World’s first Pluto mission lifts off from Florida
By Irene Klotz
CAPE CANAVERAL, Florida (Reuters) – The world’s first mission to Pluto blasted into space on Thursday on an unmanned Atlas 5 rocket to begin a 9 1/2-year journey to the only unexplored planet in the solar system.
After two days of delays due to poor weather and a power outage, the 197-foot-tall (60-metre-tall) rocket, built by Lockheed Martin Corp., lifted off at 2 p.m. (1900 GMT) from Cape Canaveral Air Force Station.
The launch team remained on edge until 45 minutes later when the plutonium-powered spacecraft finally and successfully separated from the Atlas’ second and last upper-stage rocket booster. The engine firings made the probe, called New Horizons, soar at 10 miles per second, or 36,000 mph (58,000 kph) — the fastest man-made object ever to leave Earth’s orbit.
If the Apollo astronauts had been launched at that speed, the trip to the moon would have taken about nine hours instead of three days, according to Colleen Hartman, NASA’s associate administrator for space science.
Even so, the grand piano-sized New Horizons will still need to bounce off Jupiter’s gravity field, in a "slingshot" maneuver that will give it added velocity, to make its 3 billion mile journey to Pluto in less than a decade.
High winds at the Florida launch site forced the first scrub of the launch of the New Horizons spacecraft on Tuesday, followed on Wednesday by a storm-triggered power outage at the mission control center in Laurel, Maryland.
With an unprecedented five solid-fuel strap-on boosters, the largest expendable rocket in the U.S. fleet sent the relatively small spacecraft hurtling into the sky and it quickly disappeared over the Atlantic Ocean.
RADIOACTIVE PLUTONIUM ON BOARD
The launch sparked a small protest and was overseen by the Department of Energy because the spacecraft carried 24 pounds (10.9 kg) of radioactive plutonium that will decay over time, providing heat that the probe’s generator can turn into electricity to power instruments and systems.
NASA has used the non-weapons-grade plutonium, processed into ceramic pellets, for 24 previous science missions which, like New Horizons, travel too far to tap the sun’s energy for solar power.
Next year, the spacecraft is expected to pick up an additional 9,000 mph (14,500 kph) when it bounces off Jupiter’s massive gravity field. If successful, New Horizons will reach Pluto and its largest moon, Charon, in July 2015.

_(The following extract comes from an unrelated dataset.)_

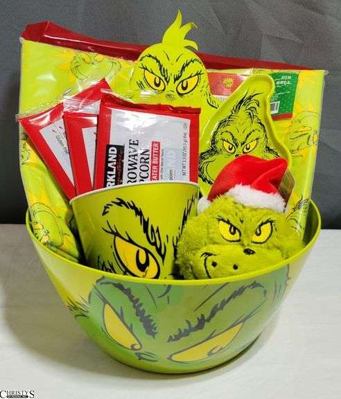 LOT 93 - Grinch Bowl, Mini Plush, Large Cup, Popcorn, Handtowel, and Tablecloth
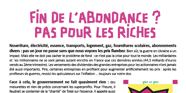 Nourriture, électricité, essence, transports, logement, gaz, fournitures scolaires, abonnements divers : pas un jour ne passe sans que nous voyons les prix flamber. Bien sûr, la guerre en Ukraine a un impact. Mais elle ne doit pas cacher le problème de fond : ce n’est pas la crise pour tout le monde. Les milliardaires et les millionnaires ne se sont jamais autant enrichis en France que ces dernières années (44,3 milliards d'euros versés au 2ème trimestre). Les versements des dividendes des grandes entreprises pour les actionnaires n’ont jamais été aussi importants. Pire, certaines entreprises en profitent pour augmenter artificiellement les prix : après les profiteurs de guerres, revoici les spéculateurs sur l’inflation … toujours sur notre dos.

Pluto is the largest and best known of a relatively new type of planetary body called a Kuiper Belt object. The Kuiper Belt is located beyond Neptune’s orbit, which is 30 times farther away from the sun than Earth. It contains frozen objects believed to be leftovers from the formation of the solar system 4.6 billion years ago.

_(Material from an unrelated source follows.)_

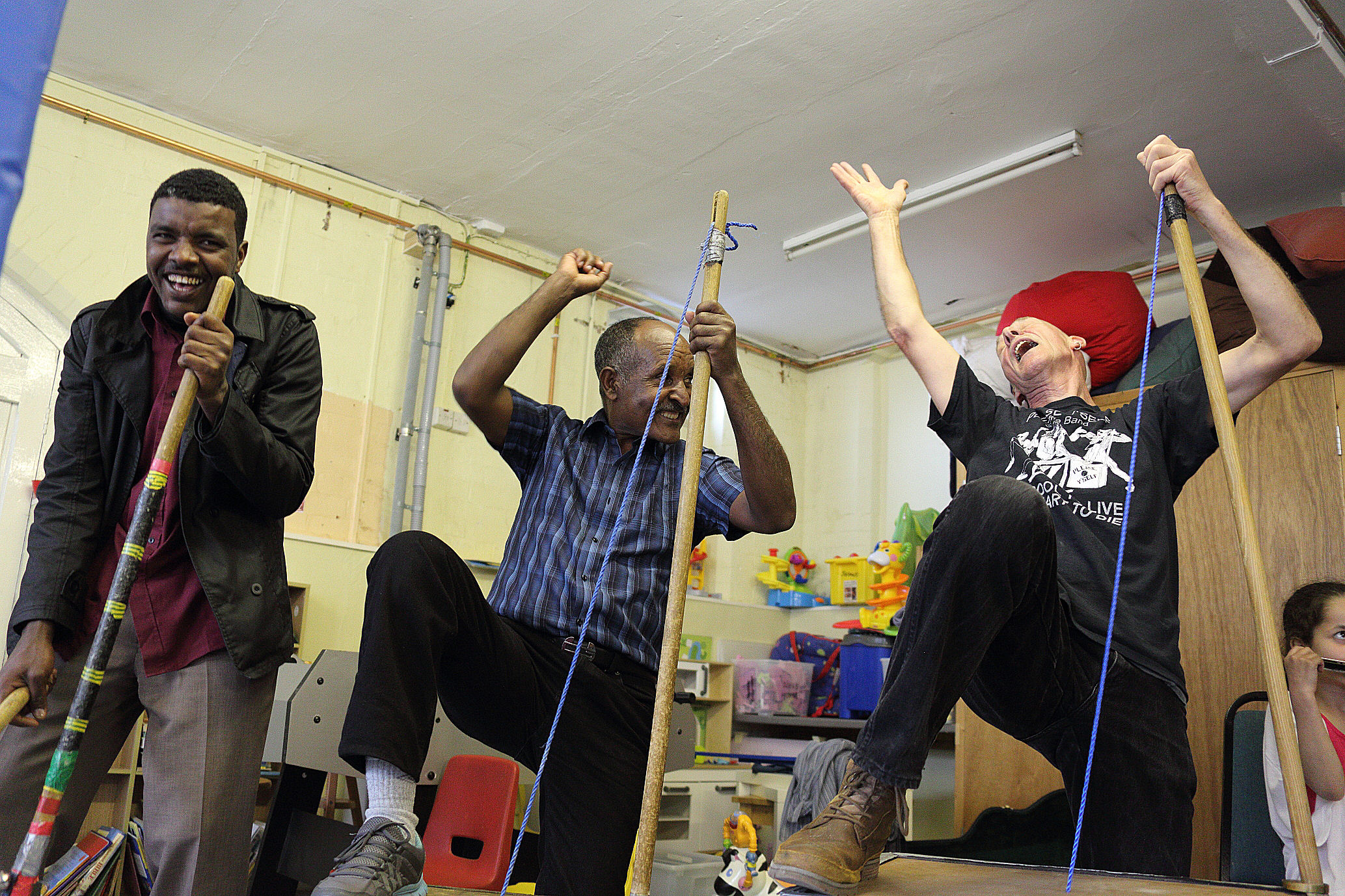 The band “Please Y’self” played a number of skiffle songs and did a great job of getting everyone involved. Despite little common vocabulary for many, the beat and rhythm of the music, created a togetherness which made them really enjoy the present, and, momentarily, forget the problems of the past, and anxieties about their future.

While not much is known about Pluto, by the time the probe arrives, scientists may have a better idea of what to look for. A capsule containing samples of a Kuiper Belt-formed comet were returned to Earth on Sunday.
"For all the ideas and theories that people might have, we have some real ground truth," said University of Washington’s Donald Brownlee, the principal investigator for the so-called Stardust mission.
"We have some actual samples of the material that the solar system was formed from," he said.
Thursday’s launch was delayed nearly an hour due to cloudy skies over Cape Canaveral. Tracking cameras needed a clear view of the rocket’s climb to space in case the vehicle veered off-course and had to be destroyed by range safety officers.